Some squares are inscribed in a set of concentric circles, as shown in the figure. Given that the radius of the smallest circle is 1cm, what is the area of the shaded part in square centimeters? (Take \pi = \frac{22}{7})

  • A.

    6

  • B.

    8

  • C.

    9

  • D.

    \frac{78}{7}

  • E.

    12

Answer:B

We calculate the area of the shaded part by dividing it into three parts:

the inner circle, the middle circle, and the outer circle.

the inner shaded area = the area of the inner circle - the area of the inner square:

\pi \times 1^2 - \left(\frac{2 \times 2}{2}\right) = \pi - 2 \quad (cm^{2})

The diameter of the inner circle is the side length of the middle square, which is 2cm.
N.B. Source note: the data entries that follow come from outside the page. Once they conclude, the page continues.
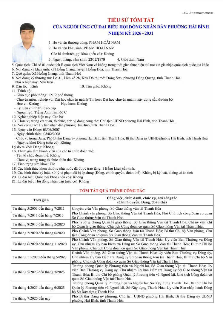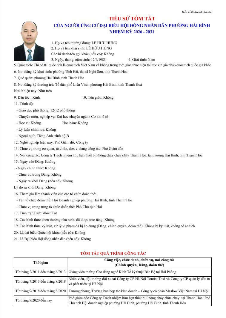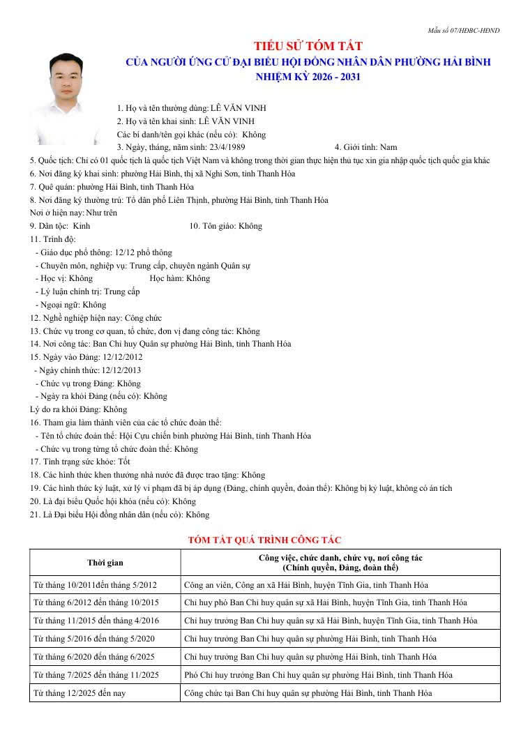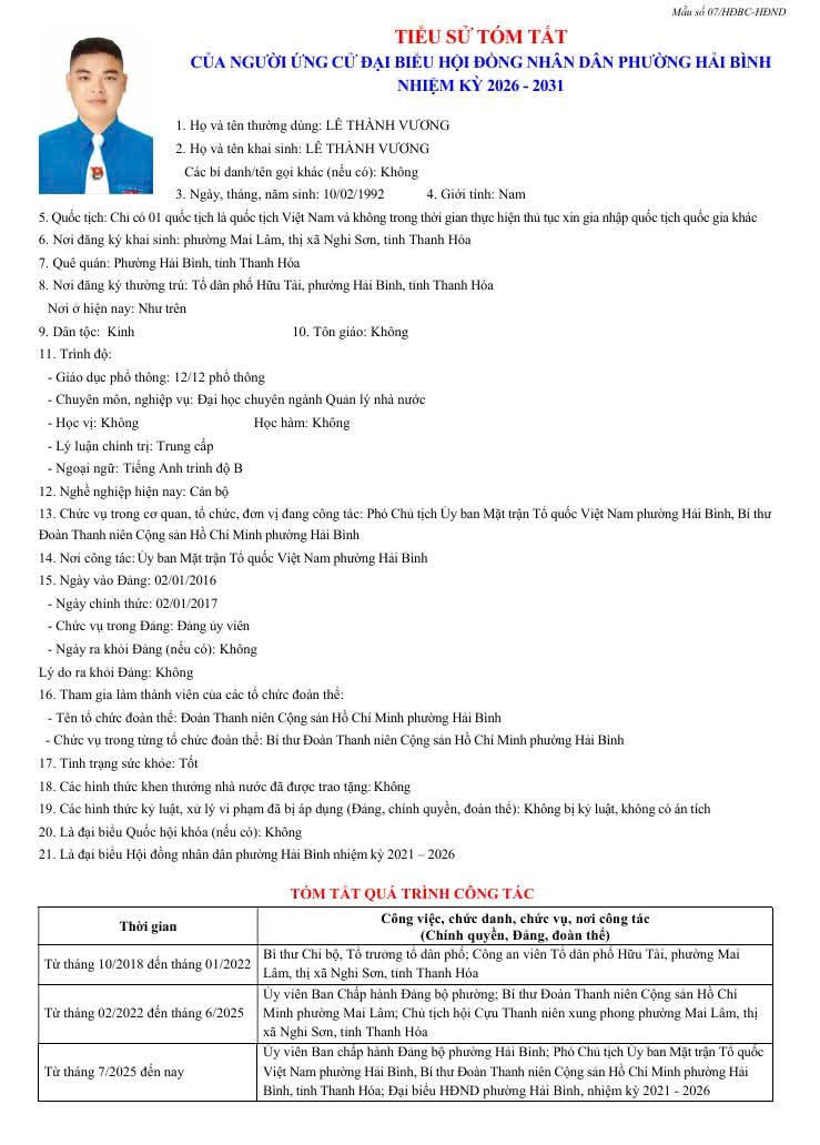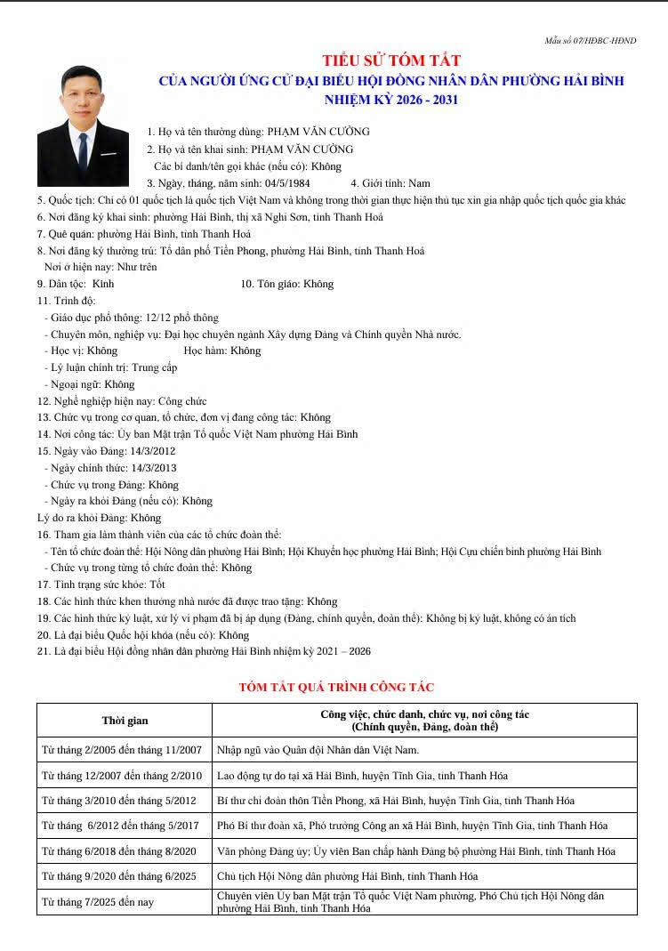 Thông tin tóm tắt Lý lịch trích ngang của các ứng cử đại biểu HĐND phường Hải Bình, nhiệm kỳ 2026 . 2031.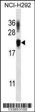 TTC33 Antibody (Cat. AMM08363G) western blot analysis in NCI-H292 cell line lysates (35ug/lane).This demonstrates the TTC33 antibody detected the TTC33 protein (arrow).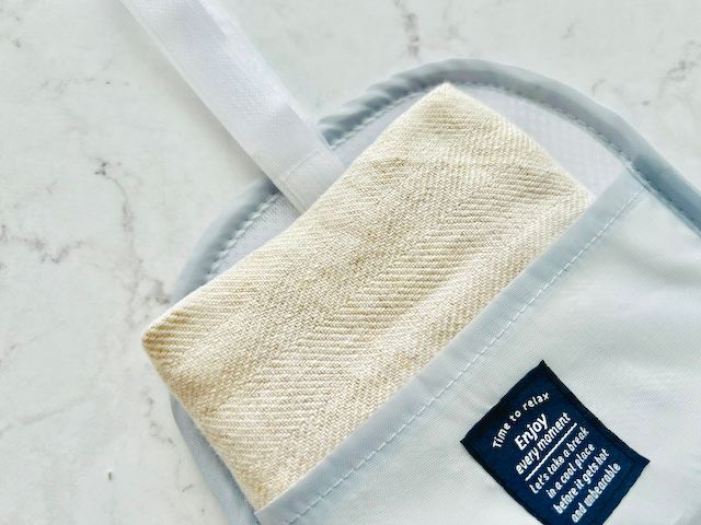 実際に使うときは、保冷剤を布などに包んでポーチのポケットに入れます。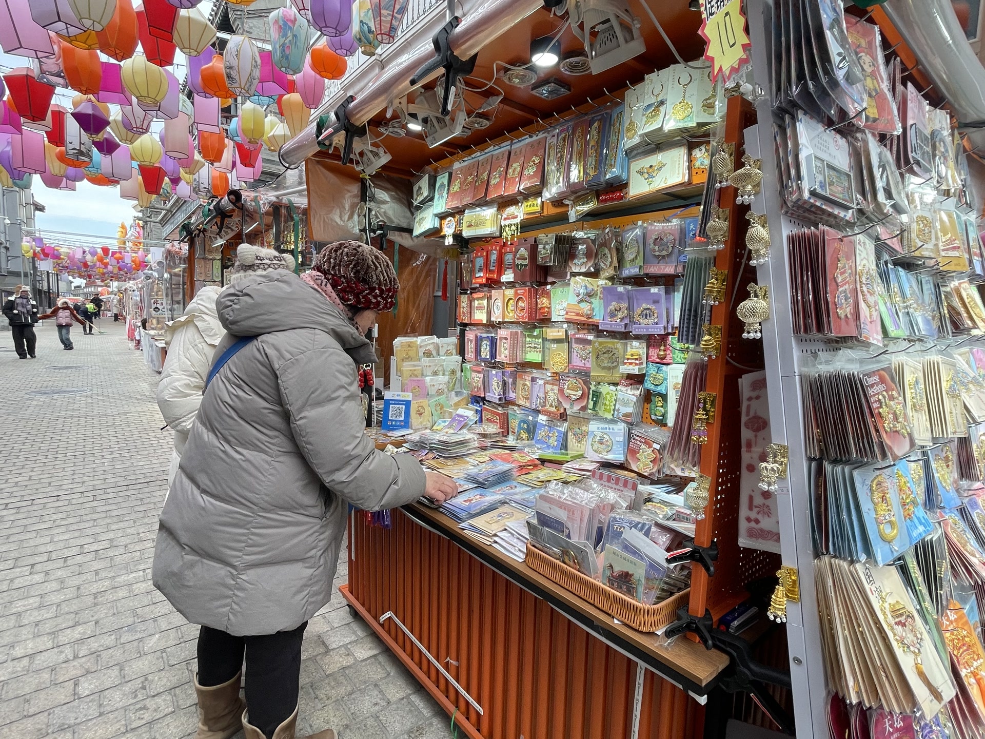 不同于传统大集,节前各大景区、商圈内,文创、潮玩、美食主题的市集扎堆亮相,年轻群体成为消费主力军。在前门广和楼前的胡同里,青砖黛瓦与彩色灯笼相映成趣,文创市集整齐排布。临近胡同口,相邻的两个冰箱贴摊位人气最旺,是市集里的“流量担当”。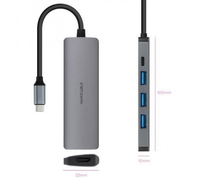 Nanocable Hub USB-C 3xUSB-A+HDMI+USB-C PD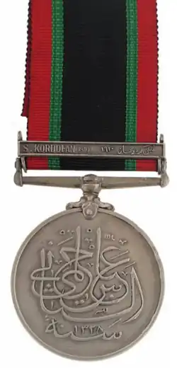 5. ^ "Khedives Sudan Medal 1910 with clasps. WO 100/407". The National Archives. Retrieved 21 December 2018.
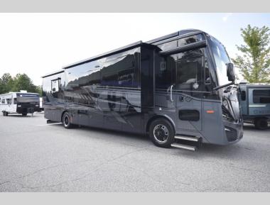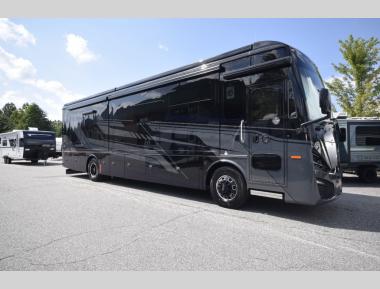 Sleeps 7 Slides 4 Length 41 ft 4 in Ext Width 8 ft 5 in Ext Height 13 ft 3 in Int Height 6 ft 11 in Interior Color Gelato, Mesa, Titanium Exterior Color Gen 10, Gen 11; Bordeaux, Waterfall, Frosted Granite, Nasa, White Mahogany. Midnight Blue Edition Hitch Weight 10000 lbs GVWR 40000 lbs Fresh Water Capacity 100 gals Grey Water Capacity 100 gals Black Water Capacity 55 gals Tire Size 295/80R22.5 Furnace BTU 60000 btu Generator 10.0kW Onan Quiet Diesel Fuel Type Diesel Engine Cummins L9 Chassis Freightliner PowerGlide XC Raised Rail Rear Horsepower 450 hp Fuel Capacity 100 gals Wheelbase 266 in Available Beds King Torque 1250 ft-lb Refrigerator Type Stainless Steel Residential with French Doors and Bottom Freezer Refrigerator Size 25 cu ft Convection Cooking Yes Cooktop Burners 2 Shower Size 31.75" x 40" Number of Awnings 2 Axle Weight Front 16000 lbs Axle Weight Rear 24000 lbs LP Tank Capacity 35.7 gals AC BTU 45000 btu Basement Storage 232 cu. ft. TV Info LR TV, BR Mounted TV, Ext. TV Awning Info Girard Power Patio and Window Washer/Dryer Available Yes Gross Combined Weight 50000 lbs Shower Type Shower w/Seat Electrical Service 50 amp Similar Motor Home Class A - Diesel Floorplans

The diagonal of the middle square is the diameter of the middle circle.

Thus, the area of the middle shaded part is:

\pi \times \left(\frac{\sqrt{2^2 + 2^2}}{2}\right)^2 - (2 \times 2) = \pi \times 2 - 4 = 2\pi - 4 \quad (cm^{2}).

The area of the outer square is equal to the square of the diameter of the middle circle, which is 8cm^{2}. The square of the diagonal of the outer square is twice its area, so it is 16 cm², which equals the square of the diameter of the outer circle.

Thus, the area of the outer shaded part is:

\pi \times \left(\frac{\sqrt{16}}{2}\right)^2 - 8 = \pi \times 4 - 8 = 4\pi - 8 \quad (cm^{2})

Adding up the three parts, the total area of the shaded part is: (\pi - 2) + (2\pi - 4) + (4\pi - 8) = 7\pi - 14

Substituting \pi = \frac{22}{7}:

7 \times \frac{22}{7} - 14 = 22 - 14 = 8 \quad (cm^{2})

Answer: The area of the shaded part is 8cm^{2}.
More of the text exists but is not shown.